= Beginning of Section =

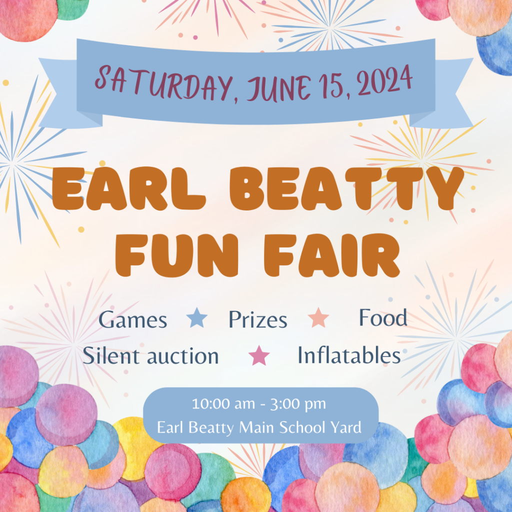 Join us on Saturday June 15 from 10:00 am to 3:00 pm for the annual Earl Beatty Fun Fair!
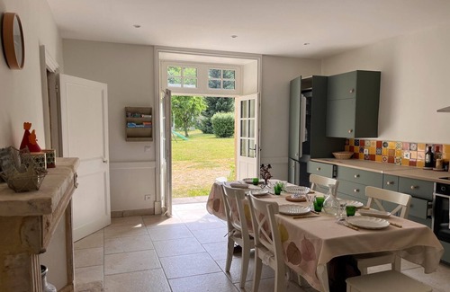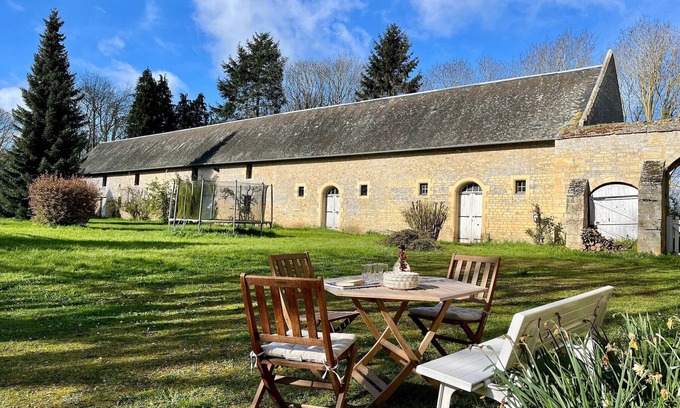 In the heart of the Bessin region, in Calvados, in the heart of the Normandy countryside, the Logis de la Motte is located at the entrance of a pretty 18th century family estate. It is an old independent cottage that has just been completely renovated by the owners, who have endeavoured to preserve the authentic character of this charming residence while providing all the modern comforts. The gîte is located in Audrieu, halfway between Bayeux (14 km) and Caen (22 km). Ideally located near the landing beaches, the beautiful medieval town of Bayeux and the city of Caen, the Logis de la Motte will allow you to spend a cultural, sporting and/or relaxing holiday, according to your wishes. The interior of the gîte is beautifully decorated. You can prepare delicious meals in the well-equipped kitchen. Spend your evenings in the garden, sipping your favourite drink. Parking is also available. On request it is possible to create an additional bedroom in the attic (3 single beds without furniture). All bedrooms have good quality Simmons beds.
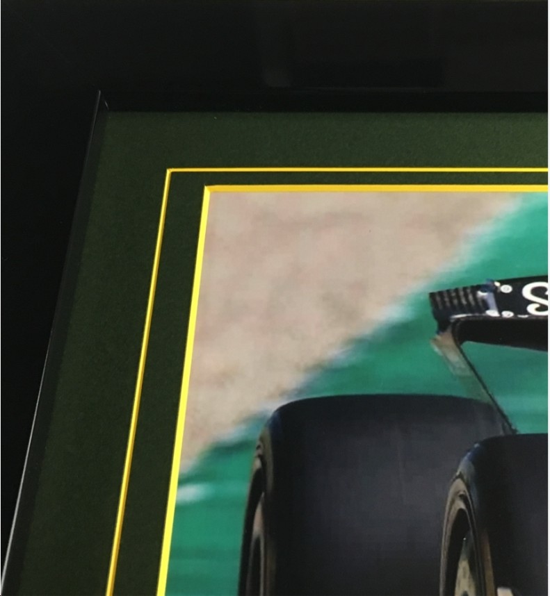 - サイズ : W41.5xH30.5xD1.5㎝ / 額:ピアノブラック x 2層マット:グリーン x Eイエロー & Vグルーヴ・ワイド加工+UVカットPET
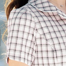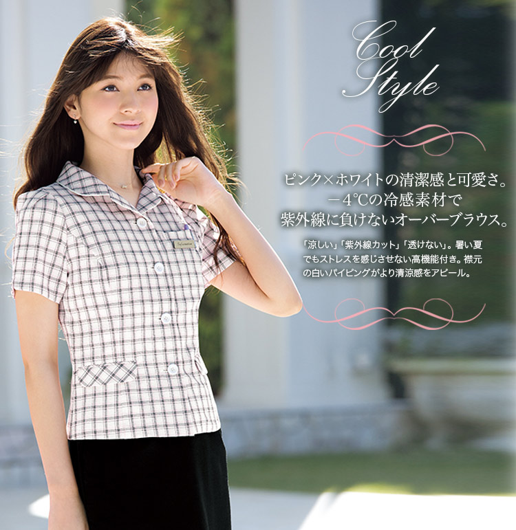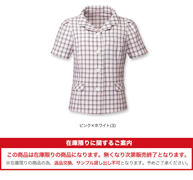 【在庫限り】[春夏用]白×ピンクのチェックが爽やかで女性らしいオーバーブラウス[女性用](76-FB71153)
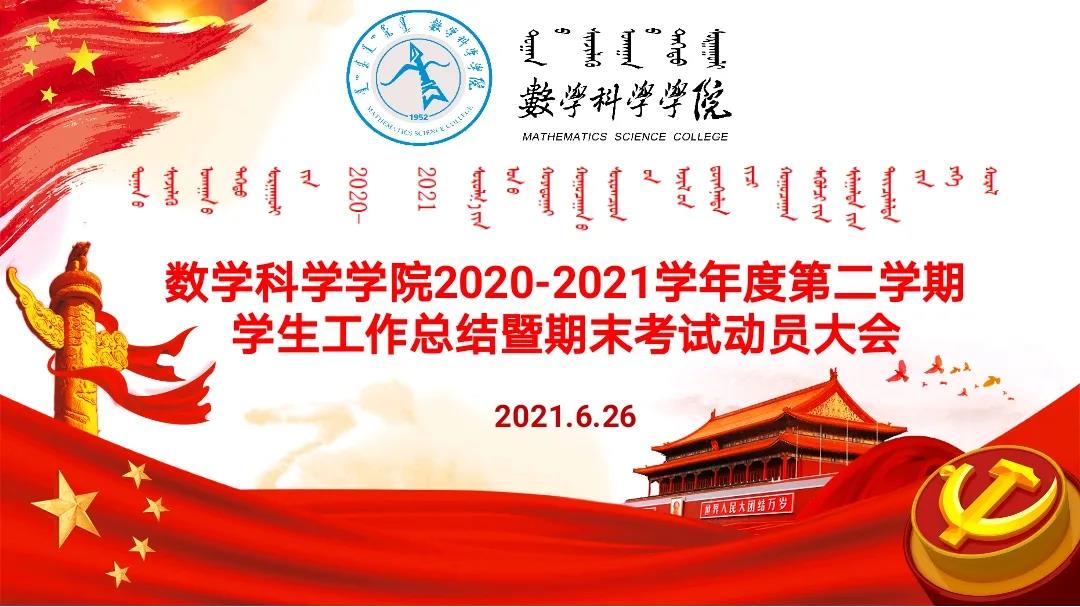 2021年6月26日下午,我院2020-2021学年度第二学期学生工作总结暨期末考试动员大会于学院楼报告厅举行。本次大会由学院团总支书记皮建东老师主持,出席大会的领导和老师有:学院党委书记扎其劳教授,学院党委副书记、副院长季建光老师,学院副院长包霞副教授,学院学生思想政治工作辅导员、20级汉二班班主任刘勇波老师,20级蒙班班主任娜仁格日乐老师,20级汉一班班主任刘常彪老师。
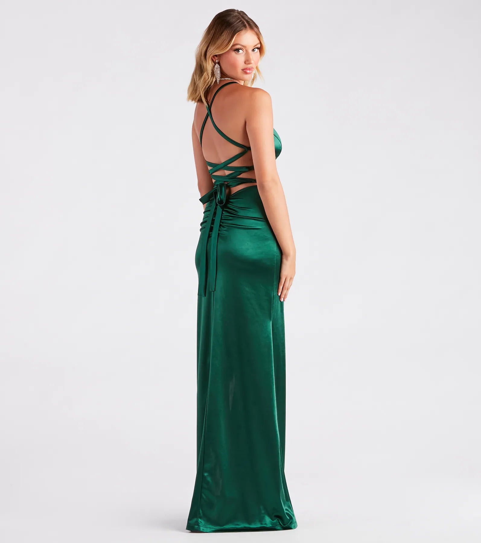 Radiate effortless glamour in the Rose formal satin dress for a black tie wedding or gala this season! She features a sexy sleeveless sweetheart neckline with a wired insert. wide shoulder straps that lace up along her open back. and a curve-flaunting mermaid silhouette showcasing a high side slit and floor-length hem perfect for showing off your heels of the night. The formal dress is composed of luminous silky satin fabric with bust lining and minimal stretch. Complete the look in a lovely .
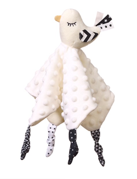 Little Birdie je funkčný produkt dva v jednom: deka a plyšová hračka. Je to aj vzdelávacia hračka. Rozvíja zmysly miminka od prvých dní života. Minky bavlnený materiál má textúru s drobnými cvočkami, ktoré stimulujú hmat. Podobne mäkké uzly alebo stuhy podporujú úchopové cvičenia. Materiál je vzdušný a jemný.
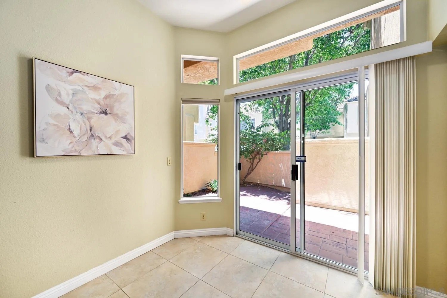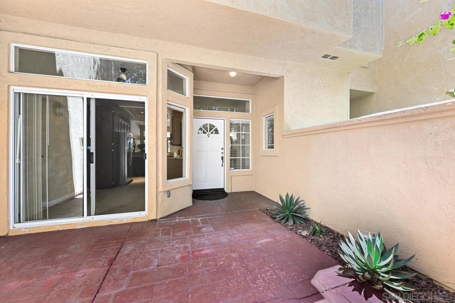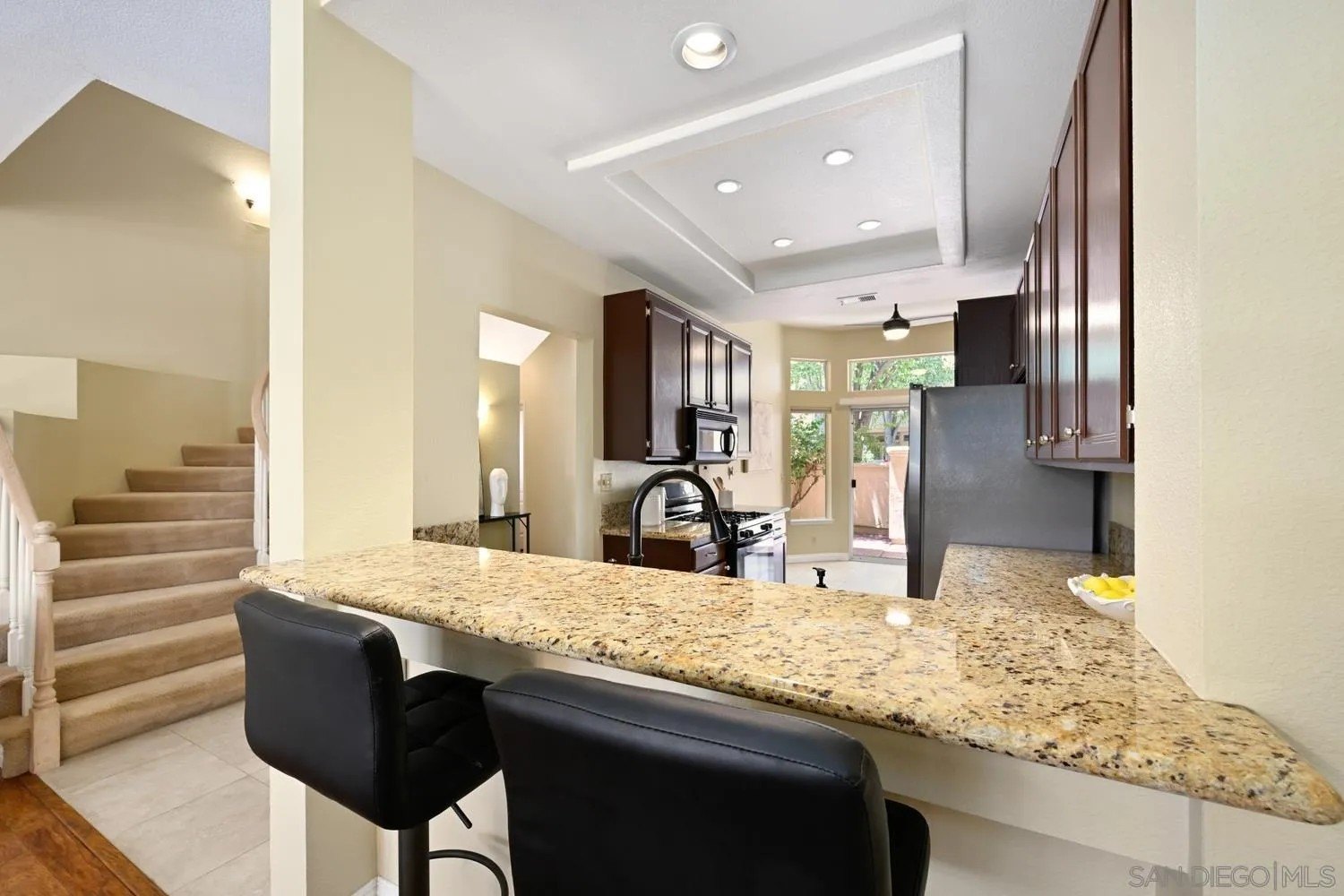 Spacious Plan Five Townhome in the Coveted Belsera Community of Tierrasanta! Welcome to this beautifully maintained two-story luxury townhome-the largest floor plan in the sought-after Belsera complex! This spacious 3-bedroom, 2.5-bath residence offers 1,528 sq. ft. of stylish living with soaring ceilings, tasteful upgrades, and a thoughtful layout. Enjoy high ceilings on the main level and vaulted ceilings upstairs, creating a bright and open atmosphere throughout. The great room features a cozy gas fireplace, while upgraded carpeting and wood laminate flooring add warmth and sophistication. A stunning Restoration Hardware chandelier elevates the formal dining area, perfect for entertaining. The kitchen is complete with granite countertops, a raised bar counter, and a cozy breakfast nook for casual dining. Upstairs, the family bathroom features a dual sink vanity-a rare and convenient upgrade for secondary bathrooms. Two private outdoor spaces-a gated entry courtyard and a large rear patio-offer multiple areas to relax and unwind. This townhome includes two single-car garages, both with panel roll-up doors-one with direct access through the kitchen, and the other nearby for added convenience. In addition, there are non-assigned outdoor parking spaces designated for residents, with each unit receiving a parking permit for shared use. Belsera residents enjoy exceptional amenities including two pools and spas, a sand volleyball court, picnic areas, and ample guest parking.
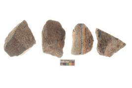 | Description / विवरण | There are n 4 utilized flakes. There are multi directional irregular scar pattern on both dorsal and ventral face of the flakes. three are tapering at one end and one has sharp edge. |
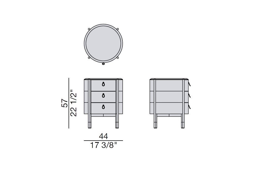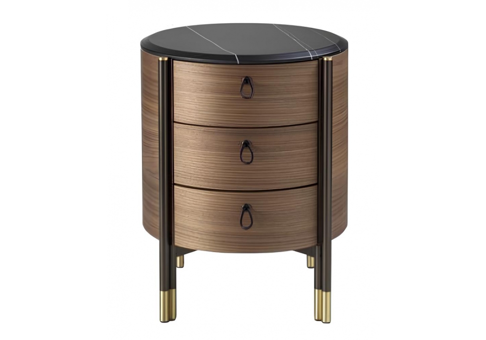 Bayus Tondo 3 von Gabriele & Oscar Buratti für Porada entworfen, ist ein Nachttisch aus Canaletta-Walnuss mit drei Schubladen mit Holz- oder Marmorplatte. Innenseite der Schubladen in kratzfestem Titan-Finish und Griff aus Leder in der Farbe Testa di Moro. Basis aus Bronzoro-Metall und Spitzen aus gebürstetem Messing.
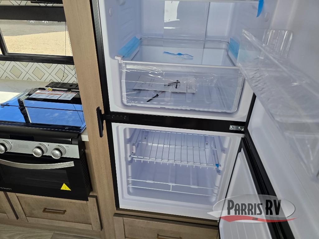 At the front of this travel trailer, you'll find a private bedroom featuring a 60" x 80" queen bed for a restful night’s sleep, in between nightstands on each side for added convenience. Moving into the center of the trailer, the main living area offers a spacious slide-out with a 60" tri-fold sofa perfect for lounging, and a 40" x 70" dinette ideal for meals, game nights, or gathering with friends and family—both of which convert into extra-sleeping space if needed. Across from the slide, the L-shaped kitchen is thoughtfully designed for ease and efficiency, featuring a stainless steel sink on one end, seamless countertop space for prepping meals, a three-burner range, and an 11 cu. ft. refrigerator for all your cooking essentials. Just beside the refrigerator is the entertainment center, with a walk-in pantry tucked behind it to store all your dry goods and snacks. At the rear, the full bathroom provides generous counter space, making it easy and comfortable to get ready each day.
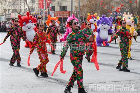 当日,沙雅县举办元宵节社火表演,当地干部群众走上街头舞龙舞狮,载歌载舞,欢庆元宵节。
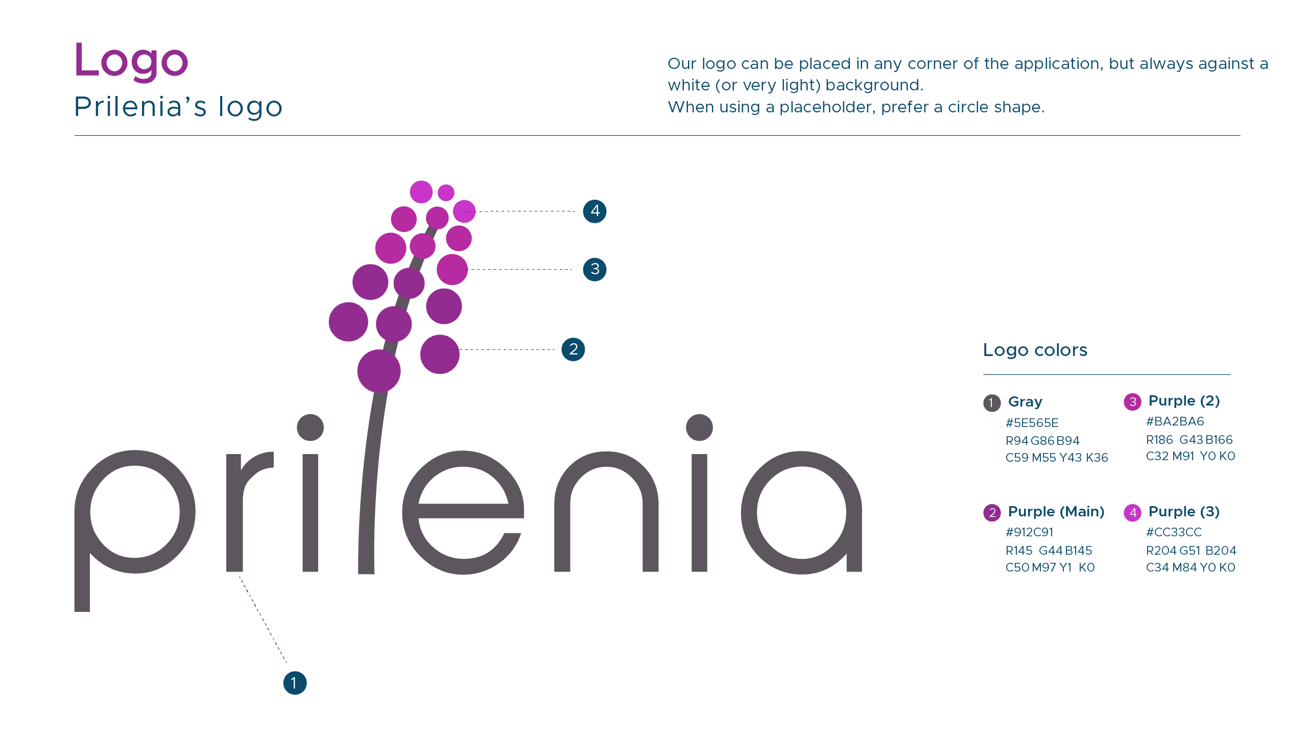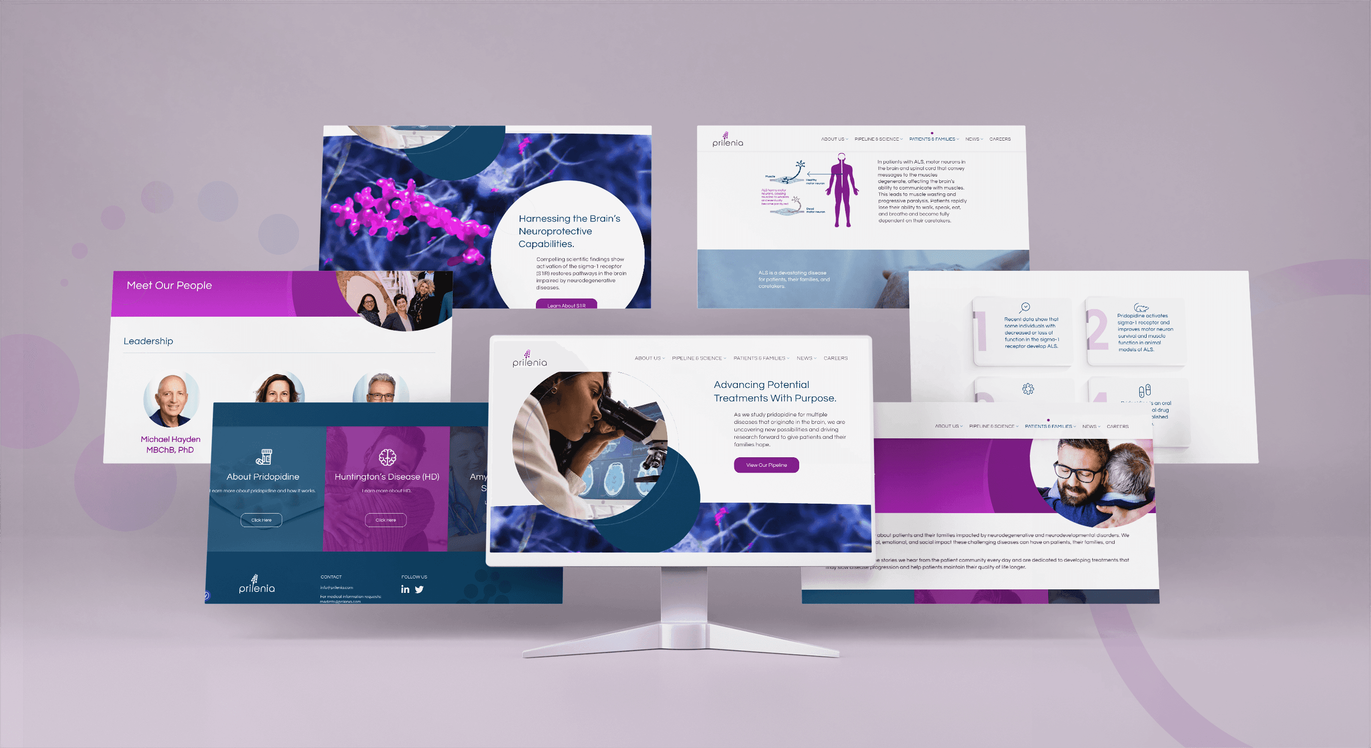 A comprehensive brand identity for Prilenia Therapeutics that bridges clinical research with human well-being through a balance of scientific authority and compassionate storytelling. The visual strategy centers on a stylized lavender logo constructed from molecular circles, symbolizing unity and the meticulous process of medical discovery. This is supported by a sophisticated palette of purples and blues for clinical excellence, modern Metropolis typography for a clean aesthetic, and human-centric photography guidelines that focus on authentic, warm moments in patients' lives.

= End of Section =

• **Exercise brief**:
Repeat, word for word and with no pictures, only the lines running from the beginning of the data to the line that contains "Radiate effortless glamour".

• **Written answer**:
 Join us on Saturday June 15 from 10:00 am to 3:00 pm for the annual Earl Beatty Fun Fair!
 In the heart of the Bessin region, in Calvados, in the heart of the Normandy countryside, the Logis de la Motte is located at the entrance of a pretty 18th century family estate. It is an old independent cottage that has just been completely renovated by the owners, who have endeavoured to preserve the authentic character of this charming residence while providing all the modern comforts. The gîte is located in Audrieu, halfway between Bayeux (14 km) and Caen (22 km). Ideally located near the landing beaches, the beautiful medieval town of Bayeux and the city of Caen, the Logis de la Motte will allow you to spend a cultural, sporting and/or relaxing holiday, according to your wishes. The interior of the gîte is beautifully decorated. You can prepare delicious meals in the well-equipped kitchen. Spend your evenings in the garden, sipping your favourite drink. Parking is also available. On request it is possible to create an additional bedroom in the attic (3 single beds without furniture). All bedrooms have good quality Simmons beds.
 - サイズ : W41.5xH30.5xD1.5㎝ / 額:ピアノブラック x 2層マット:グリーン x Eイエロー & Vグルーヴ・ワイド加工+UVカットPET
 【在庫限り】[春夏用]白×ピンクのチェックが爽やかで女性らしいオーバーブラウス[女性用](76-FB71153)
 2021年6月26日下午,我院2020-2021学年度第二学期学生工作总结暨期末考试动员大会于学院楼报告厅举行。本次大会由学院团总支书记皮建东老师主持,出席大会的领导和老师有:学院党委书记扎其劳教授,学院党委副书记、副院长季建光老师,学院副院长包霞副教授,学院学生思想政治工作辅导员、20级汉二班班主任刘勇波老师,20级蒙班班主任娜仁格日乐老师,20级汉一班班主任刘常彪老师。
 Radiate effortless glamour in the Rose formal satin dress for a black tie wedding or gala this season! She features a sexy sleeveless sweetheart neckline with a wired insert. wide shoulder straps that lace up along her open back. and a curve-flaunting mermaid silhouette showcasing a high side slit and floor-length hem perfect for showing off your heels of the night. The formal dress is composed of luminous silky satin fabric with bust lining and minimal stretch. Complete the look in a lovely .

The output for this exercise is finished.